# TASK REQUIREMENTS:
Copy the listing below exactly, but skip the pictures.

# DATA EXCERPT:
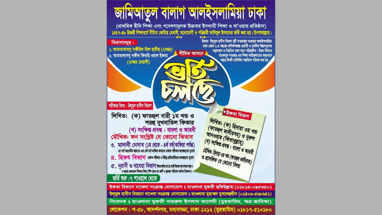 সীমিত আসনে ইফতা, উলুমিল হাদিসসহ অন্যান্য বিভাগে ভর্তি নিচ্ছে রাজধানী বাড্ডার প্রাথমিক দ্বীনি শিক্ষা ও গবেষণামুলক উচ্চতর ইসলামী শিক্ষা-দা'ওয়াহ প্রতিষ্ঠান জামিআতুল বালাগ আলইসলামিয়া ঢাকা।
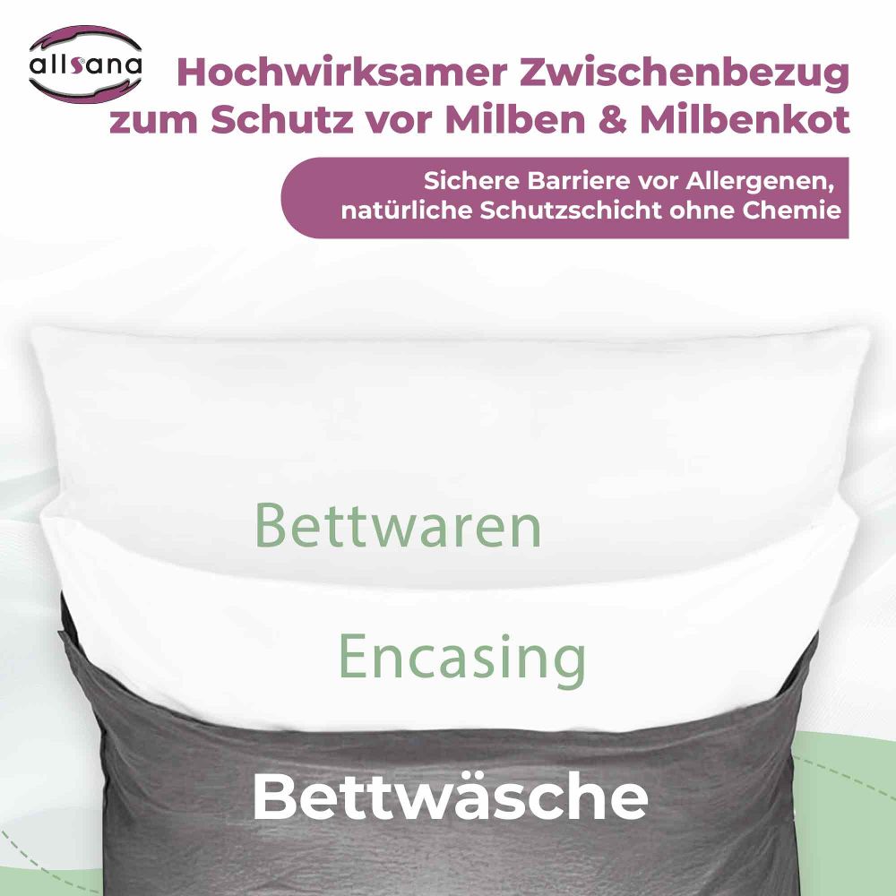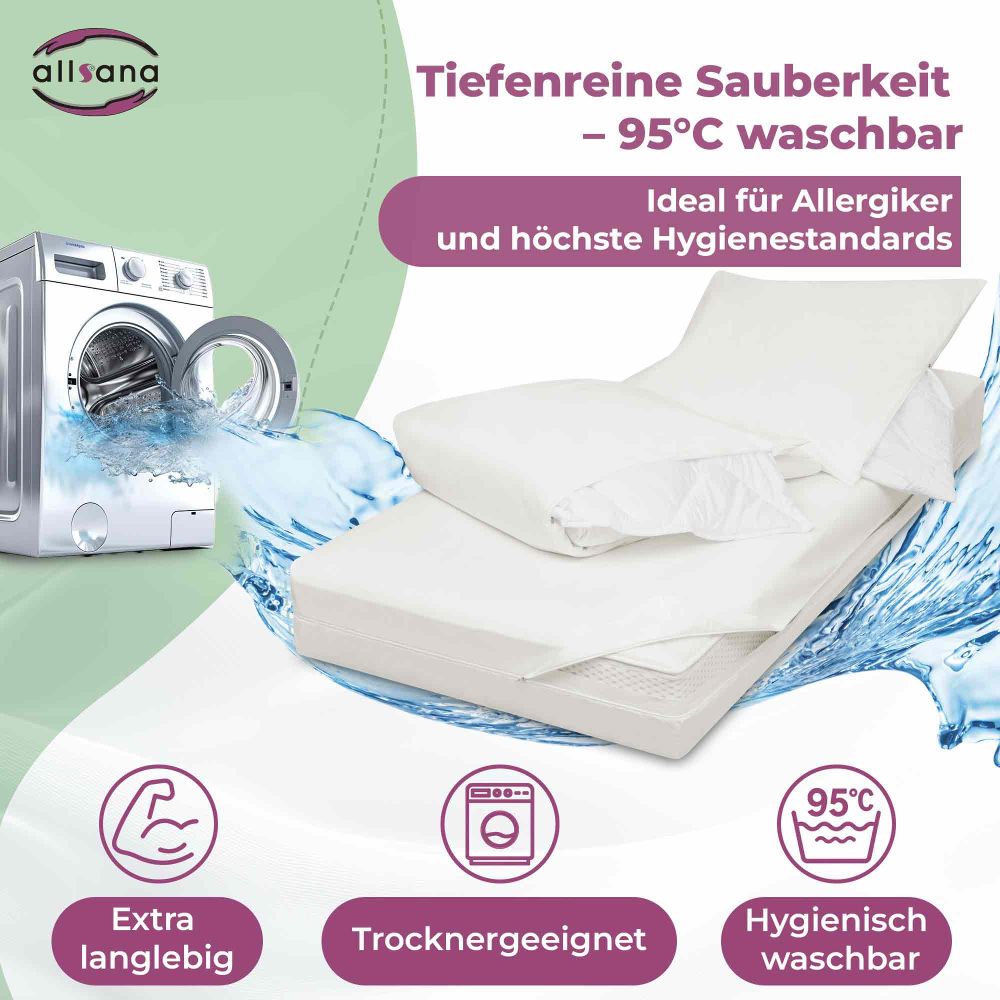 Waschanleitung: Allsana sensitive care Encasings können bei bis zu 95°C gewaschen werden und sind bei niedriger Temperatur trocknergeeignet. Wie alle Encasing müssen die allsana sensitive care Milbenschutzbezüge nur 2-3 mal im Jahr gewaschen werden. Über die Encasings wird die normale Bettwäsche gezogen und diese wird im gewohnten Rhythmus gewaschen.
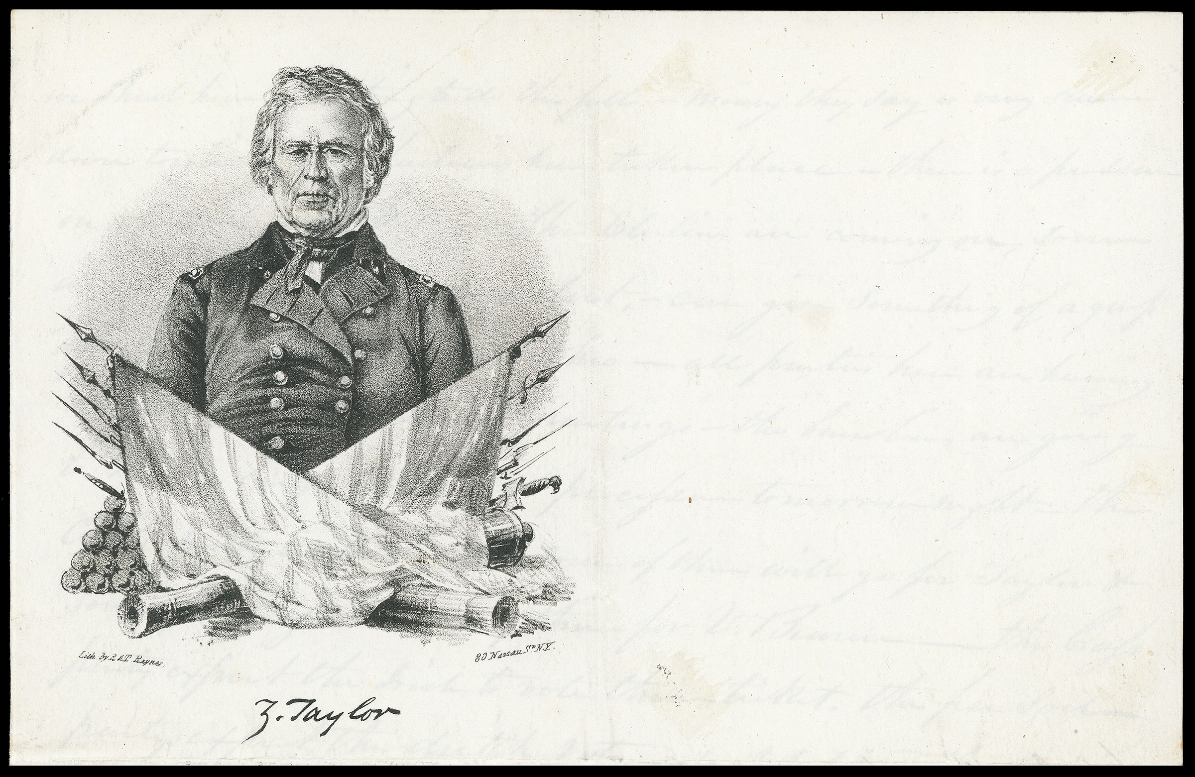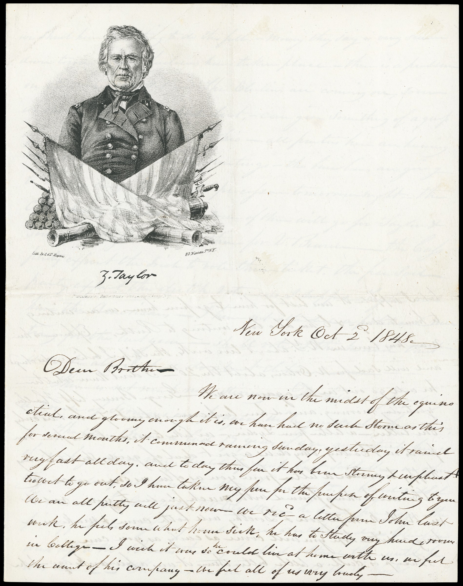 71     ZT-2 image(1848 Campaign) Zachary Taylor Lettersheet. Portrait campaign design in uniform with cannons, flag and printed signature below, on lettersheet datelined "New York Oct 2d 1848" with some good political content "…The elections are coming on, soon we shal known who is president - can give something of a guess after the election in Penn. & Ohio - all parties here are having very large & enthusiastic meetings…The Clay party is dissolved, some of them will go for Taylor & some for Cass & some of them for V. Buren. The Cass party expect the Irish to vote their ticket. The free soil party expect the dutch vote, so I suppose Taylor will have the Americans…", fresh and Very Fine, a wonderful campaign design.
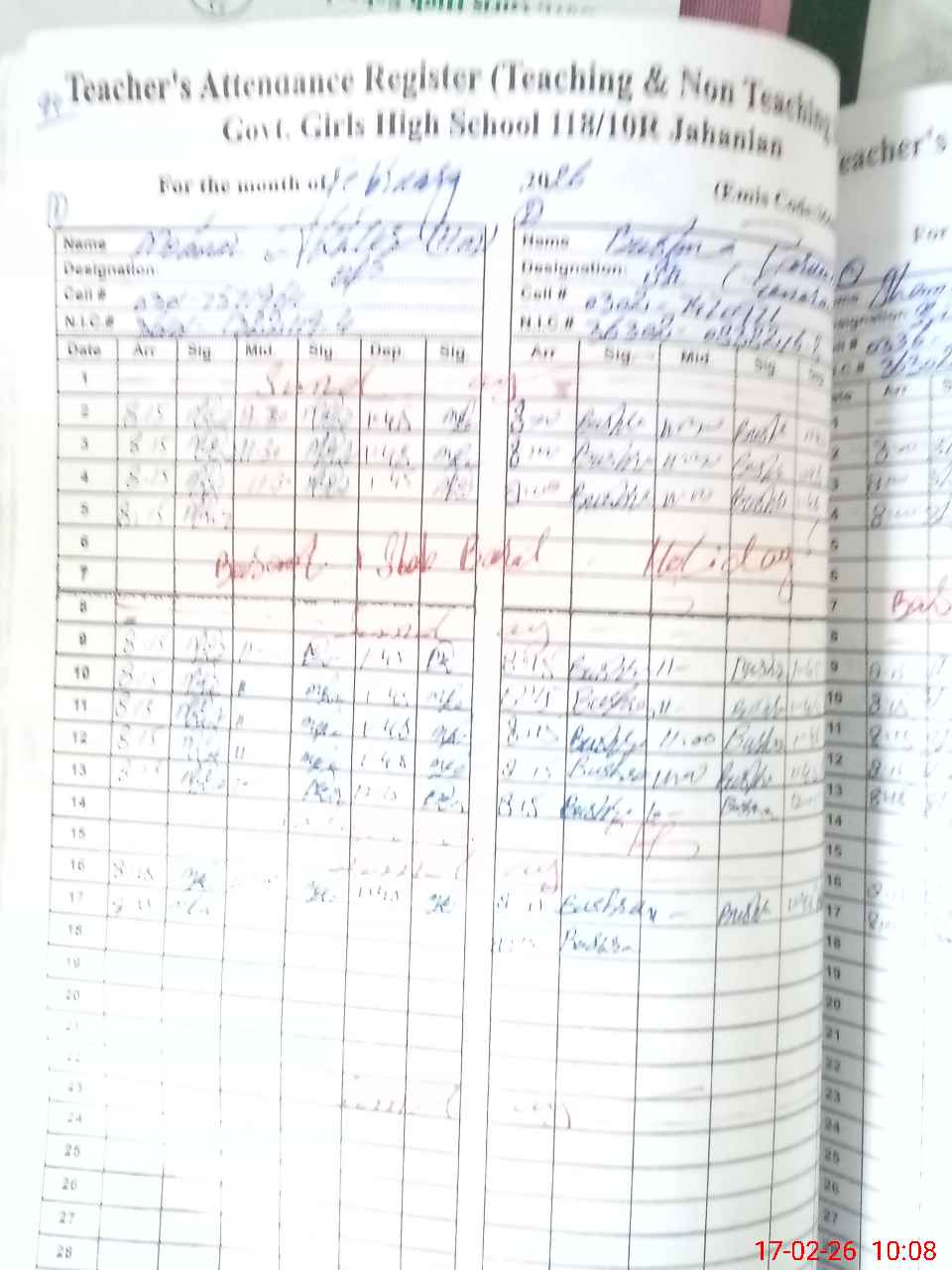 | CNIC | Full Name | Designation | R/C | Absence During Last Calender Month |

# EXPECTED OUTPUT:
 সীমিত আসনে ইফতা, উলুমিল হাদিসসহ অন্যান্য বিভাগে ভর্তি নিচ্ছে রাজধানী বাড্ডার প্রাথমিক দ্বীনি শিক্ষা ও গবেষণামুলক উচ্চতর ইসলামী শিক্ষা-দা'ওয়াহ প্রতিষ্ঠান জামিআতুল বালাগ আলইসলামিয়া ঢাকা।
 Waschanleitung: Allsana sensitive care Encasings können bei bis zu 95°C gewaschen werden und sind bei niedriger Temperatur trocknergeeignet. Wie alle Encasing müssen die allsana sensitive care Milbenschutzbezüge nur 2-3 mal im Jahr gewaschen werden. Über die Encasings wird die normale Bettwäsche gezogen und diese wird im gewohnten Rhythmus gewaschen.
 71     ZT-2 image(1848 Campaign) Zachary Taylor Lettersheet. Portrait campaign design in uniform with cannons, flag and printed signature below, on lettersheet datelined "New York Oct 2d 1848" with some good political content "…The elections are coming on, soon we shal known who is president - can give something of a guess after the election in Penn. & Ohio - all parties here are having very large & enthusiastic meetings…The Clay party is dissolved, some of them will go for Taylor & some for Cass & some of them for V. Buren. The Cass party expect the Irish to vote their ticket. The free soil party expect the dutch vote, so I suppose Taylor will have the Americans…", fresh and Very Fine, a wonderful campaign design.
 | CNIC | Full Name | Designation | R/C | Absence During Last Calender Month |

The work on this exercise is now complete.